• _TASK DIRECTIONS_
Make a verbatim copy of the entries below; pictures stay out.

******************************

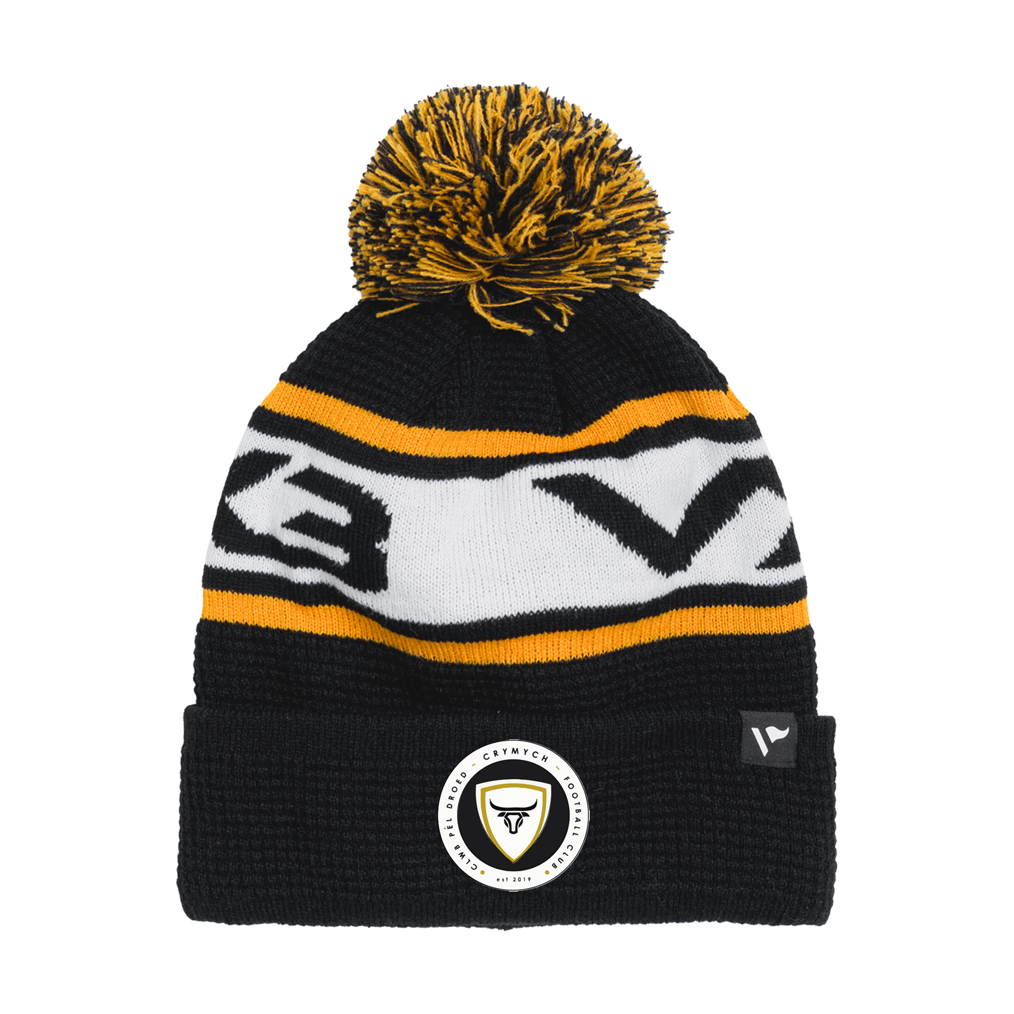 Crymych FC Waffle Knit Bobble Hat - Black/Amber/White
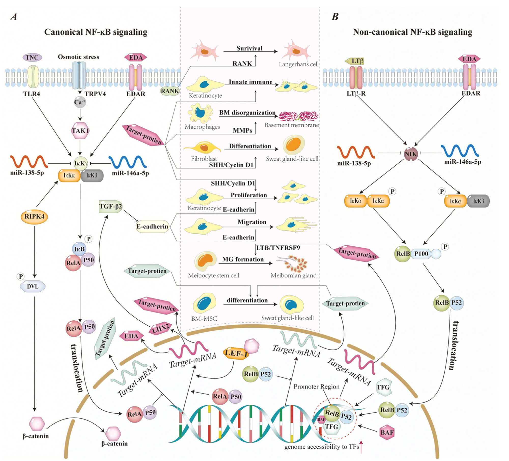 Εικόνα 2: A. Ρόλος του canonical NF-κB μονοπατιού στην ανάπτυξη του δέρματος και των εξαρτημάτων του. B. Ρόλος του non-canonical NF-κB μονοπατιού στην ανάπτυξη του δέρματος και των εξαρτημάτων του.
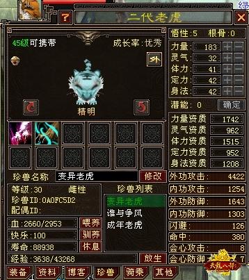 综述:在你打到1700以上的1代老虎时千万别认为很多2代的1800多甚至1900的比你的好,其实在攻击上,1代老虎很肯定强于2代的比1代高1、200资质的老虎,如果成长率为优秀或者以上的话就更不用说了,那肯定是极品中的极品了!
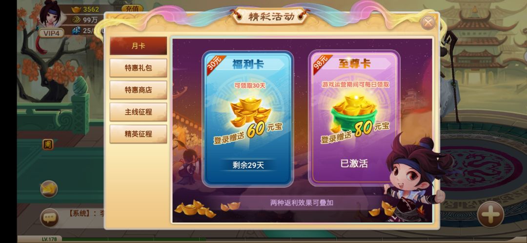为啥开了月卡没有30块首充礼包的活动??
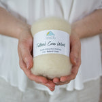 This wool is used in our sculptural needle felting kits to make the base shape that gets covered in colored wool. It also works well as a natural stuffing for all kinds of sewn decorations and small toys. It wet felts as well if you are looking to make your own backing for felted pictures or some dryer balls.
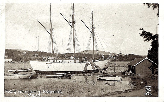 Судно было построено по заказу Рауля Амундсена в Осло в 1917 году и названо в часть норвежской королевы. На нем покоритель Южного полюса хотел подойти как можно ближе к Северном полюсу. Но далеко подобраться к нему он не смог,  однако пройти Северо-Восточным путем норвежцу удалось. В 1921 году Maud прибыл в Сиэтл. Амундсену вскоре по финансовым соображениям пришлось продать его торговой компании. В 1930 году простоявшее длительное время без ремонта и замершее во льду судно затонуло неподалеку от берега Кембриджского залива.
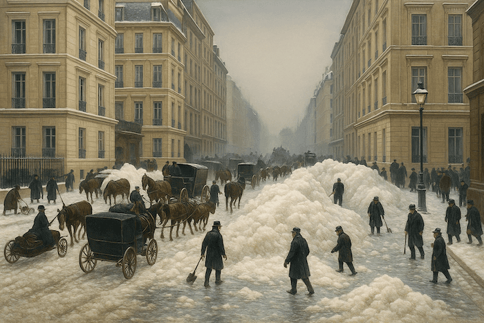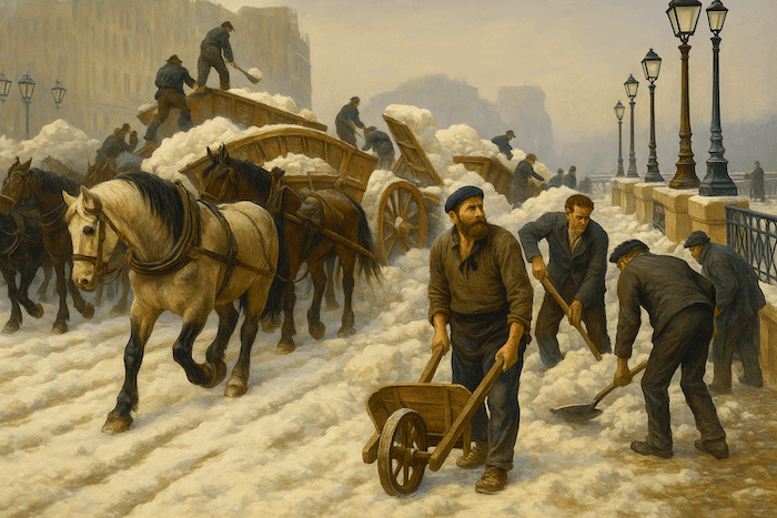 L’extraordinaire quantité de neige entraîne divers problèmes en ville. À Paris, d’immenses chariots sont installés sur les places pour recevoir les amas de neige que l’on déverse ensuite dans la Seine. Mais comme le fleuve est pris par les glaces, de véritables montagnes de neige se forment au niveau des ponts, en particulier près du pont Saint-Michel. Au bout de quelques jours, ces monticules deviennent si hauts qu’ils atteignent presque le tablier des ponts ! Malgré les 4 000 tombereaux mobilisés, l’efficacité n’est pas au rendez-vous, et le service des ponts et chaussées expérimente une nouvelle machine tractée par huit chevaux. Pendant ce temps, les Parisiens s’inquiètent : les ordures s’accumulent, et l’on commence à redouter l’apparition d’épidémies.
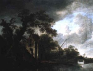 A River Landscape With Anglers Near A Cottage
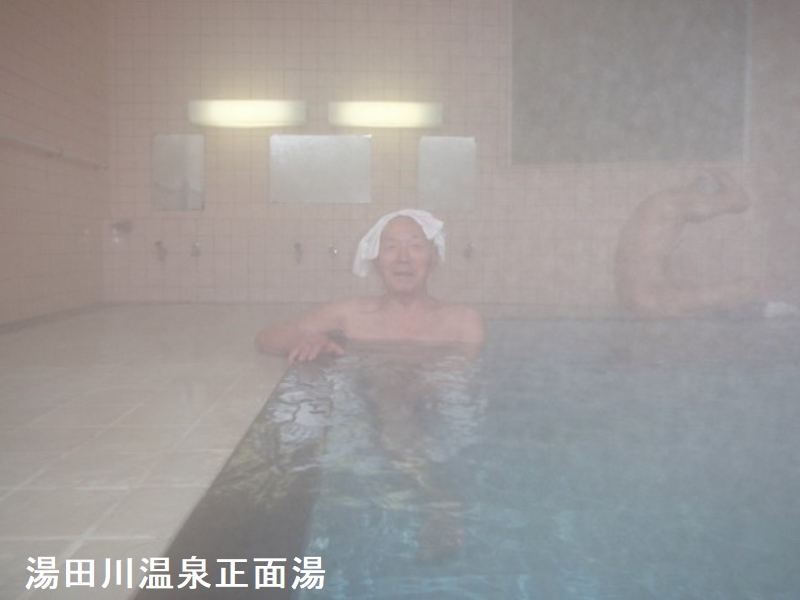 湯田川温泉の歴史は古く1300年前からあるという事です。白鷺によって発見されたという開湯伝説があります。地味な雰囲気の温泉街ですが2001年には国民保養温泉地に指定されている湯田川温泉には大小2箇所の共同浴場、正面湯と田の湯があります。正面湯は温泉街の中央に、田の湯は路地を入ったところです。大井商店で入浴券を買うと、商店の女将さんが「鍵を開けるから一緒に」と案内してくれます。外来客は鍵を開けてもらうシステムです。浴槽は足を畳んで6人程度が入れるタイル張りの風呂です。温泉はナトリウム・カルシウム硫酸塩温泉で、これが加水・加温無しで注入されています。風呂の大きさに比較し、注入量が多いので風呂の縁から温泉が絶えず流れ出しています。館外にかけられたボードには、日本屈指の注入率の共同浴場と高らかに謳っているのが頷けます。新鮮この上ない適温の温泉、加えてすべすべ感とキュキュ感があります。浴室の換気が今一で、湯気で周りが欲見えないのが残念です。
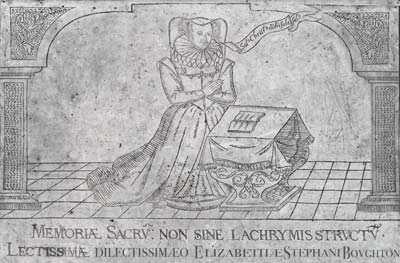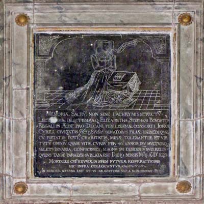 "In sacred memory not without tears most beloved Elizabeth faithful consort of Stephen Boughton Sub Dean of the Chapel Royal; Daughter and heir of John Cyrill (Kyrle) citizen and counselor of Hereford. Of pious, charitable, tolerant virtues for all of her 46 years of life She died the 19th day of the month of June AD 1623"
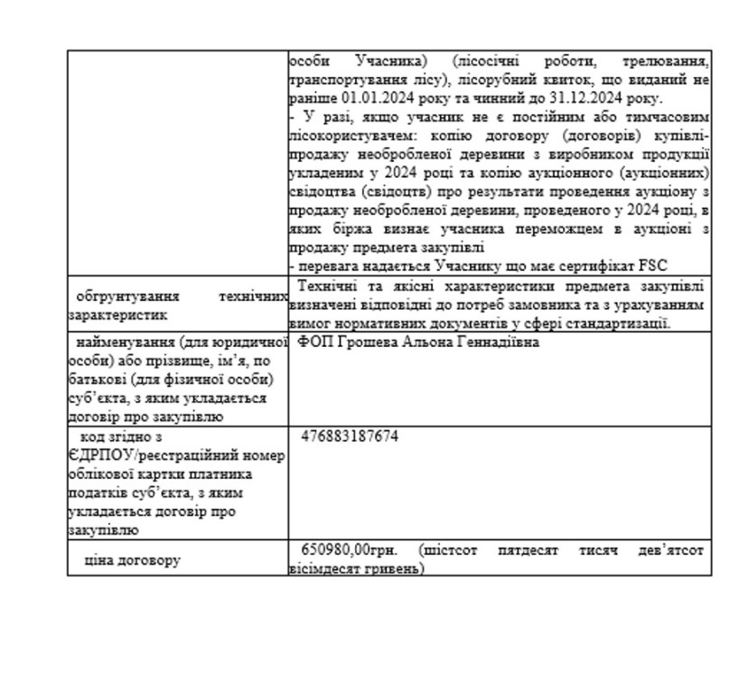 Закупівля ДК 021:2015 – 03410000-7 Деревина (деревина дровяна непромислового використання)

******************************

• _REPLY_
 Crymych FC Waffle Knit Bobble Hat - Black/Amber/White
 Εικόνα 2: A. Ρόλος του canonical NF-κB μονοπατιού στην ανάπτυξη του δέρματος και των εξαρτημάτων του. B. Ρόλος του non-canonical NF-κB μονοπατιού στην ανάπτυξη του δέρματος και των εξαρτημάτων του.
 综述:在你打到1700以上的1代老虎时千万别认为很多2代的1800多甚至1900的比你的好,其实在攻击上,1代老虎很肯定强于2代的比1代高1、200资质的老虎,如果成长率为优秀或者以上的话就更不用说了,那肯定是极品中的极品了!
为啥开了月卡没有30块首充礼包的活动??
 This wool is used in our sculptural needle felting kits to make the base shape that gets covered in colored wool. It also works well as a natural stuffing for all kinds of sewn decorations and small toys. It wet felts as well if you are looking to make your own backing for felted pictures or some dryer balls.
 Судно было построено по заказу Рауля Амундсена в Осло в 1917 году и названо в часть норвежской королевы. На нем покоритель Южного полюса хотел подойти как можно ближе к Северном полюсу. Но далеко подобраться к нему он не смог,  однако пройти Северо-Восточным путем норвежцу удалось. В 1921 году Maud прибыл в Сиэтл. Амундсену вскоре по финансовым соображениям пришлось продать его торговой компании. В 1930 году простоявшее длительное время без ремонта и замершее во льду судно затонуло неподалеку от берега Кембриджского залива.
 L’extraordinaire quantité de neige entraîne divers problèmes en ville. À Paris, d’immenses chariots sont installés sur les places pour recevoir les amas de neige que l’on déverse ensuite dans la Seine. Mais comme le fleuve est pris par les glaces, de véritables montagnes de neige se forment au niveau des ponts, en particulier près du pont Saint-Michel. Au bout de quelques jours, ces monticules deviennent si hauts qu’ils atteignent presque le tablier des ponts ! Malgré les 4 000 tombereaux mobilisés, l’efficacité n’est pas au rendez-vous, et le service des ponts et chaussées expérimente une nouvelle machine tractée par huit chevaux. Pendant ce temps, les Parisiens s’inquiètent : les ordures s’accumulent, et l’on commence à redouter l’apparition d’épidémies.
 A River Landscape With Anglers Near A Cottage
 湯田川温泉の歴史は古く1300年前からあるという事です。白鷺によって発見されたという開湯伝説があります。地味な雰囲気の温泉街ですが2001年には国民保養温泉地に指定されている湯田川温泉には大小2箇所の共同浴場、正面湯と田の湯があります。正面湯は温泉街の中央に、田の湯は路地を入ったところです。大井商店で入浴券を買うと、商店の女将さんが「鍵を開けるから一緒に」と案内してくれます。外来客は鍵を開けてもらうシステムです。浴槽は足を畳んで6人程度が入れるタイル張りの風呂です。温泉はナトリウム・カルシウム硫酸塩温泉で、これが加水・加温無しで注入されています。風呂の大きさに比較し、注入量が多いので風呂の縁から温泉が絶えず流れ出しています。館外にかけられたボードには、日本屈指の注入率の共同浴場と高らかに謳っているのが頷けます。新鮮この上ない適温の温泉、加えてすべすべ感とキュキュ感があります。浴室の換気が今一で、湯気で周りが欲見えないのが残念です。
 "In sacred memory not without tears most beloved Elizabeth faithful consort of Stephen Boughton Sub Dean of the Chapel Royal; Daughter and heir of John Cyrill (Kyrle) citizen and counselor of Hereford. Of pious, charitable, tolerant virtues for all of her 46 years of life She died the 19th day of the month of June AD 1623"
 Закупівля ДК 021:2015 – 03410000-7 Деревина (деревина дровяна непромислового використання)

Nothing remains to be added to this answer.